Title: DNS rewrite in one-to-one NAT
Post by: vtornes on January 16, 2024, 03:40:32 pm
Hi all!

I currently have an old Cisco 2901 router who's only job is to provide one-to-one NAT between a client network and a server network (due to historical reasons of course, and overlapping subnets inside and outside).

I want to replace this aging device with an OpnSense virtual appliance, and I got one-to-one NAT working fine except for one thing... There is a DNS server on the outside network, but all it does is forward to our DNS servers on the inside network. In the current Cisco configuration, the inside DNS server replies with the translated addresses. When I swap to the OpnSense appliance, the inside addresses are returned.

The Cisco configuration is pretty basic, and I can see nothing that would affect the DNS replies. The inside DNS server has no knowledge of the translated subnet, so I don't see where the magic is coming from...

Any clues how on earth this works, and how I can get it working in OpnSense?
Title: Re: DNS rewrite in one-to-one NAT
Post by: vtornes on January 17, 2024, 08:49:35 am
Worked it out :-) What's happening on the Cisco box is DNS Doctoring, enabled by default on the router.

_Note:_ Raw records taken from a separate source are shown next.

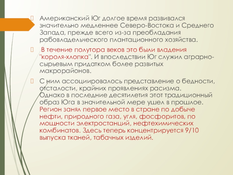 Слайд 25Американский Юг долгое время развивался значительно медленнее Северо-Востока и Среднего Запада,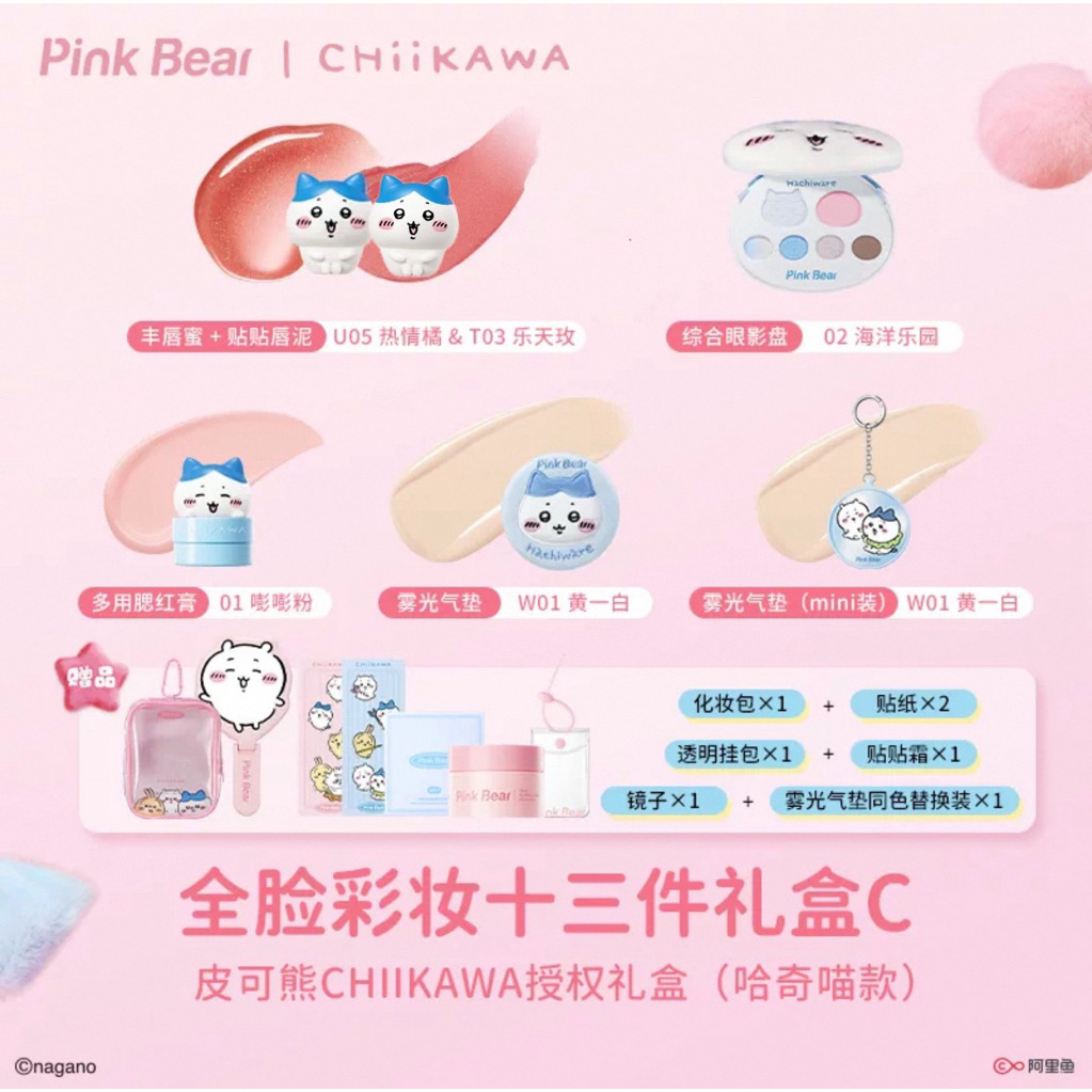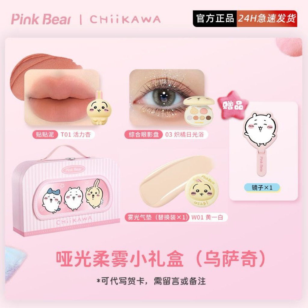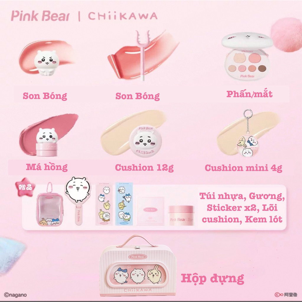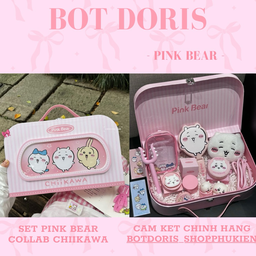 Set mĩ phẩm son phấn PinkBear collab Chiikawa, set quà tặng BOT DORIS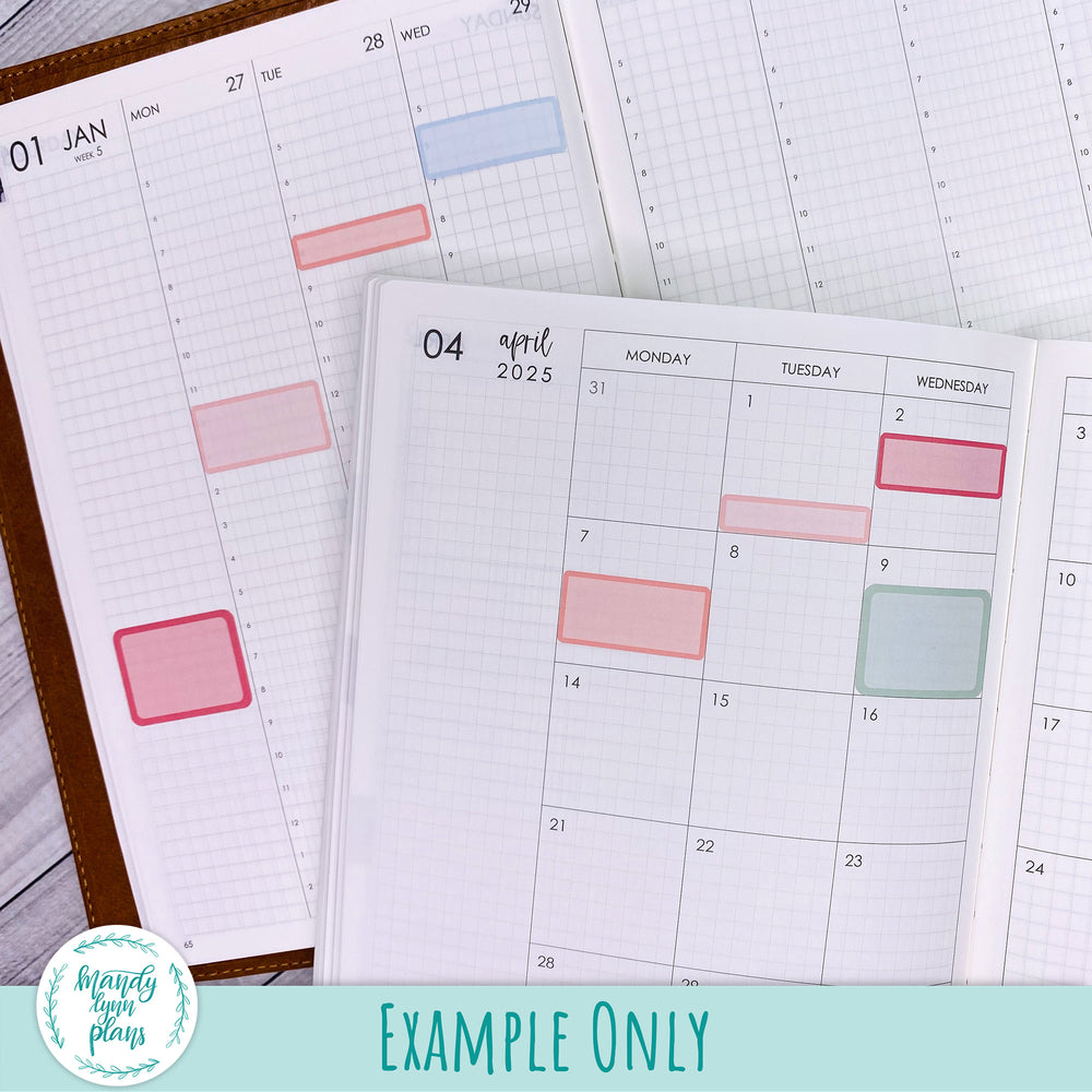 These labels are designed for use in the Plans by Just Scribble. They fit nicely in the one hour time slot if you are using the pre-printed timeline in the weekly view and also in the monthly spread.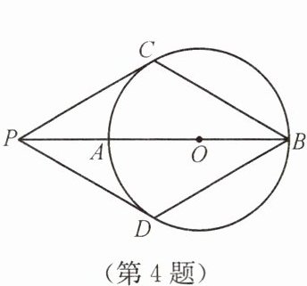 4. 如图,P 为⊙O 的直径 BA 延长线上的一点,PC 与⊙O 相切,切点为 C,点 D 是⊙上一点,连接 PD,PC = PD = BC。下列结论:①PD 与⊙O 相切;②四边形 PCBD 是菱形;③PO = AB;④∠PDB = 120°。其中正确的个数为( )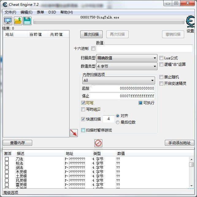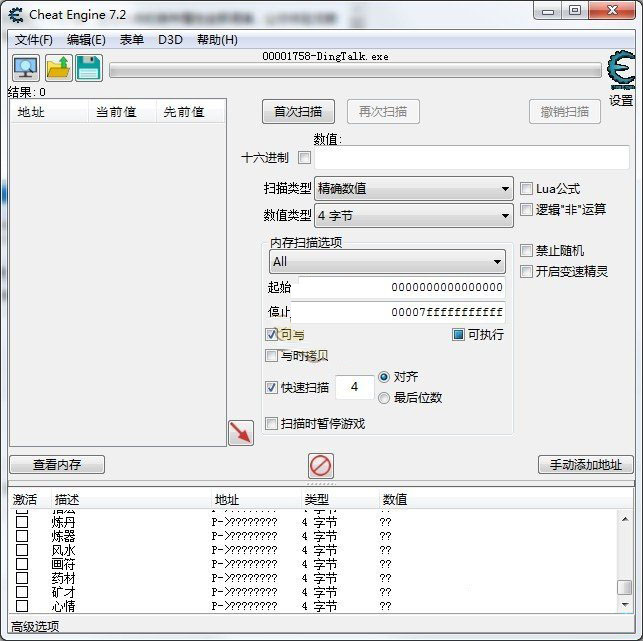 1、安装最新CE修改器“《Cheat Engine》v7.2汉化版==》点我下载”。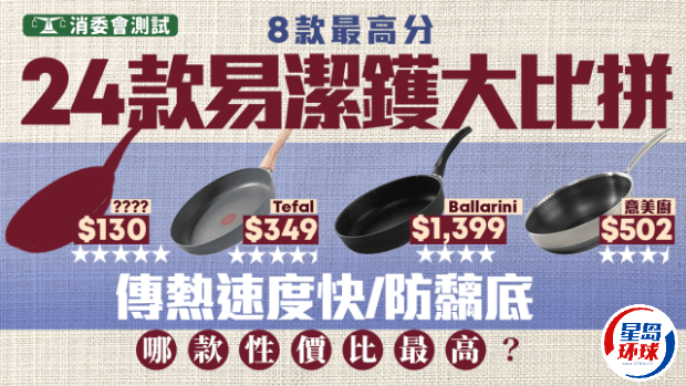 不少人在家中煮食都會用到易潔鍋,消費者委員會(消委會)今日(5月15日)發表易潔鍋檢測結果,消委會測試市面24款易潔鍋樣本,包括IKEA、Tefal、Ballarini、意美廚等品牌的易潔鍋產品。結果消委會發現,樣本間的傳熱速度參差,傳熱速度最慢的易潔鍋樣本甚至需時接近16分鐘。不過,亦有8款易潔鍋樣本總評獲5星,售價由$130至$1,750不等,反映無論平貴都有好選擇,到底哪款僅售$130的易潔鍋,仍獲消委會5星好評?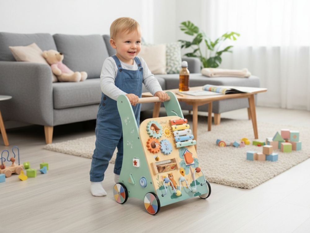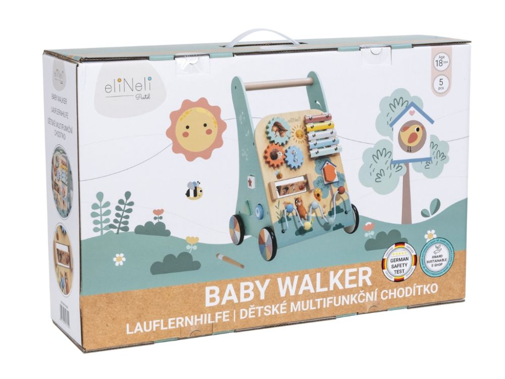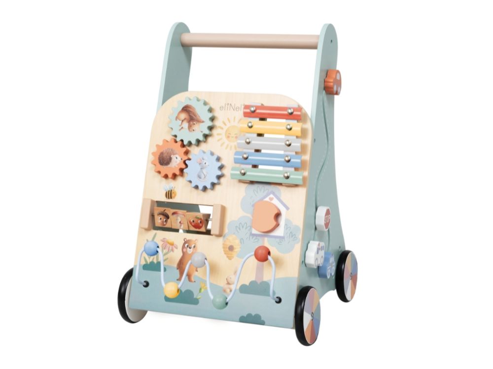 Detské chodítko kombinuje podporu samostatnej chôdze s bohatými hracími prvkami, ktoré pomáhajú deťom hrať sa, učiť sa a objavovať svet okolo seba. Obľúbené otočné kolieska, posuvné korálky, otváracie dvierka a vkladačky stimulujú koordináciu oko-ruka a rozvíjajú jemnú a hrubú motoriku.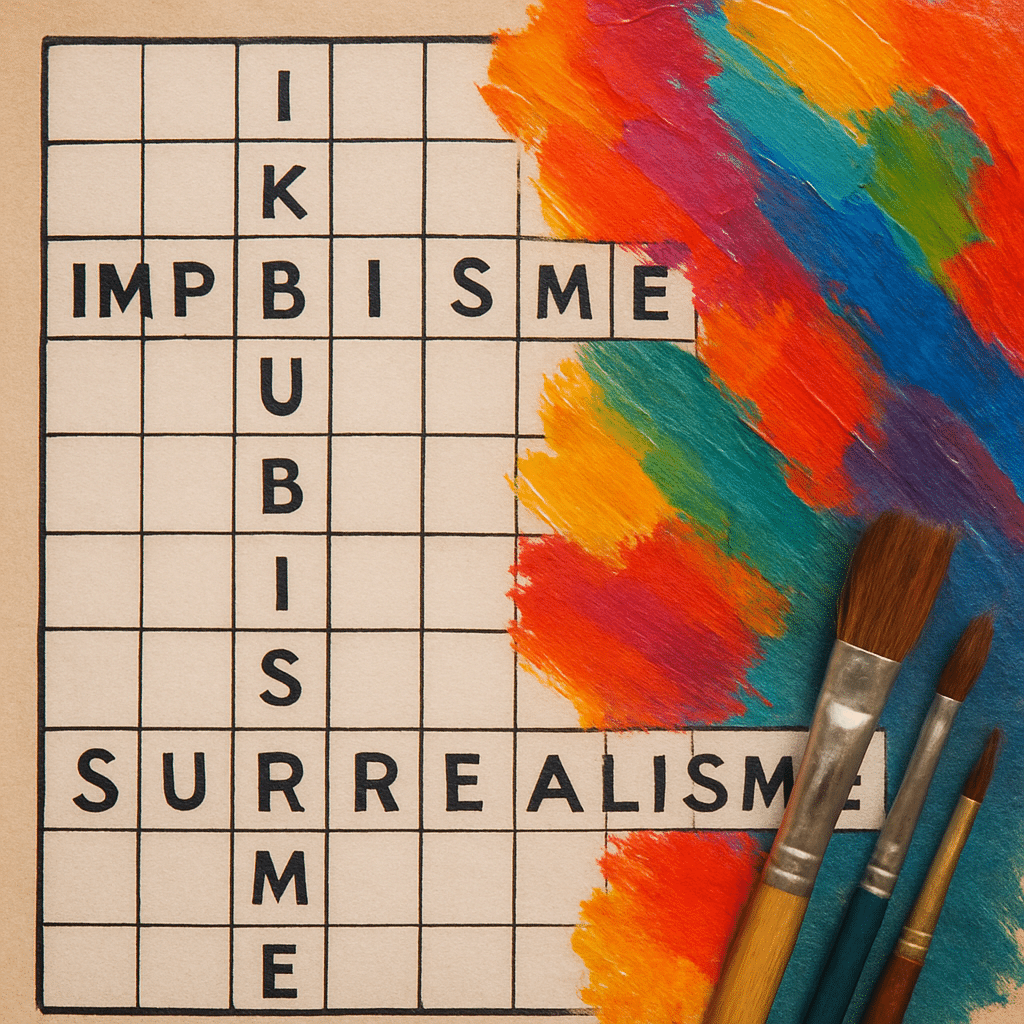 Krydsord med kunstretningstema – ord som impressionisme, kubisme og surrealisme ved siden af farverige penselstrøg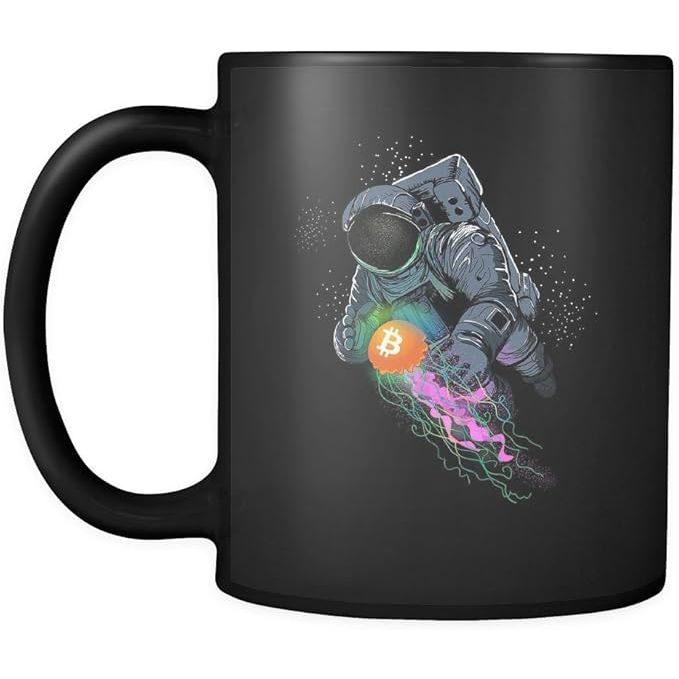 Bitcoin BTC Crypto Space - Crypto Blockchain 11oz Funny Black Coffee Mug - Astronaut Jelly Cryptocurrency - Friends Gift - Both Sides Printed

To get a similar functionality in OpnSense I enabled Dnsmasq with the following option in /usr/local/etc/dnsmasq.conf:

alias=x.x.x.0,y.y.y.0,255.255.255.0

where x.x.x.0 is internal subnet and y.y.y.0 is the NATed IPs.

I then placed a port forwarding rule for all DNS requests headed for the internal DNS servers to go to OpnSense instead, which in turn redirects requests to the internal servers and applies the alias to the responses.